» To do:
Would you reproduce exactly the lines below from the one holding "- Multiport 4-fach" through the one holding "分省快遞服務(wù)企業(y", inclusive, and no others?

» Data:
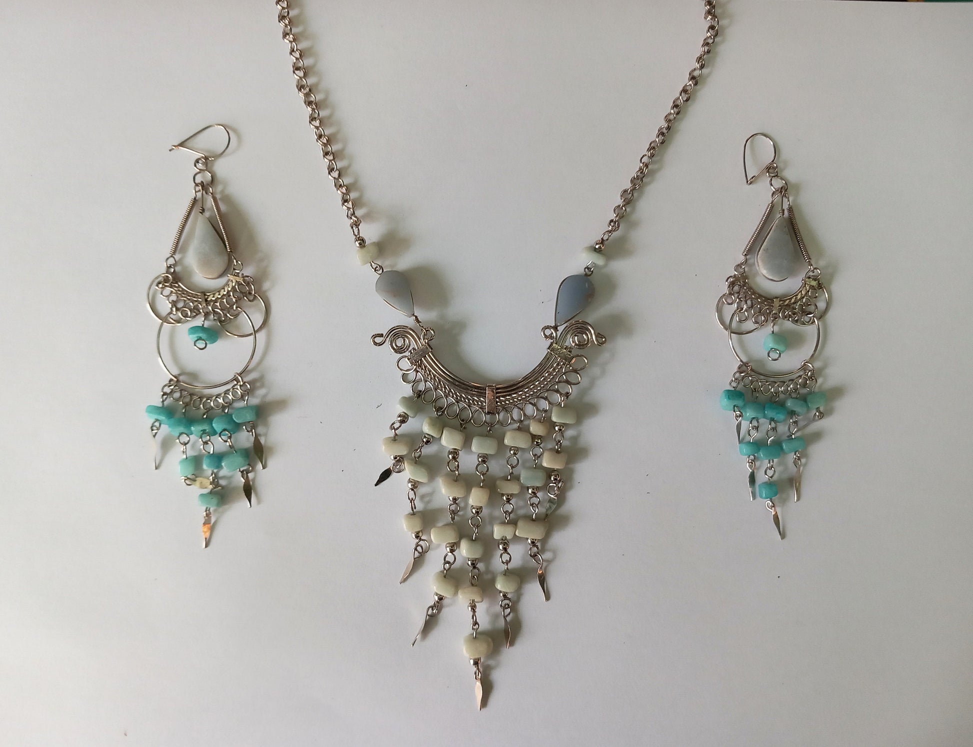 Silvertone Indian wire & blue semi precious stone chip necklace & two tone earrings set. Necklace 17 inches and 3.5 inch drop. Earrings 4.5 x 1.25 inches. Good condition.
--
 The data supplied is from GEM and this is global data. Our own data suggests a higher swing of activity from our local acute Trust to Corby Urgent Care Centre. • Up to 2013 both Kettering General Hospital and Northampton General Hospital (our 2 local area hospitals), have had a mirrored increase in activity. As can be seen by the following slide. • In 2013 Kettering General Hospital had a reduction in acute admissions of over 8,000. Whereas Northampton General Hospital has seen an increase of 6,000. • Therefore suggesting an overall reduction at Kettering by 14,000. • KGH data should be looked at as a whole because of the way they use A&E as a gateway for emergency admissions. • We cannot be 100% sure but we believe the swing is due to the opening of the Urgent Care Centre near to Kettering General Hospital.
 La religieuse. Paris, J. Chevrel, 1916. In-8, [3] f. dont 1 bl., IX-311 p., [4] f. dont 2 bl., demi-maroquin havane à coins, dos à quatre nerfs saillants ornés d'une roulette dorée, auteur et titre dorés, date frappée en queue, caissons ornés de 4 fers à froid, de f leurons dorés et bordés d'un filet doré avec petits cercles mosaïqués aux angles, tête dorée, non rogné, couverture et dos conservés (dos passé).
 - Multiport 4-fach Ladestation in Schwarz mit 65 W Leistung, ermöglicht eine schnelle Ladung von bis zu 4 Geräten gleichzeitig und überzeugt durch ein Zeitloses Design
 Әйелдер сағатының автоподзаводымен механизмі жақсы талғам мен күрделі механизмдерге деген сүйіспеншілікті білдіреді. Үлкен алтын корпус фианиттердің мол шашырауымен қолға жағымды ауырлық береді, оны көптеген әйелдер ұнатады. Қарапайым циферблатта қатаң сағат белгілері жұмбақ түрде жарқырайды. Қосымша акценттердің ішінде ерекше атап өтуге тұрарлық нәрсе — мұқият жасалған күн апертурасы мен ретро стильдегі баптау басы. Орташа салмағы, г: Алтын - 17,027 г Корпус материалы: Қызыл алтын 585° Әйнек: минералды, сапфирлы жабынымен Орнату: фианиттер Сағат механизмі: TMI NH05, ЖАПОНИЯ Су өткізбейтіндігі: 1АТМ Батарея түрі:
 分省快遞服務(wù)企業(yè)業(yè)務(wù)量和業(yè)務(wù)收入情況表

» Answer to this exercise:
 - Multiport 4-fach Ladestation in Schwarz mit 65 W Leistung, ermöglicht eine schnelle Ladung von bis zu 4 Geräten gleichzeitig und überzeugt durch ein Zeitloses Design
 Әйелдер сағатының автоподзаводымен механизмі жақсы талғам мен күрделі механизмдерге деген сүйіспеншілікті білдіреді. Үлкен алтын корпус фианиттердің мол шашырауымен қолға жағымды ауырлық береді, оны көптеген әйелдер ұнатады. Қарапайым циферблатта қатаң сағат белгілері жұмбақ түрде жарқырайды. Қосымша акценттердің ішінде ерекше атап өтуге тұрарлық нәрсе — мұқият жасалған күн апертурасы мен ретро стильдегі баптау басы. Орташа салмағы, г: Алтын - 17,027 г Корпус материалы: Қызыл алтын 585° Әйнек: минералды, сапфирлы жабынымен Орнату: фианиттер Сағат механизмі: TMI NH05, ЖАПОНИЯ Су өткізбейтіндігі: 1АТМ Батарея түрі:
 分省快遞服務(wù)企業(yè)業(yè)務(wù)量和業(yè)務(wù)收入情況表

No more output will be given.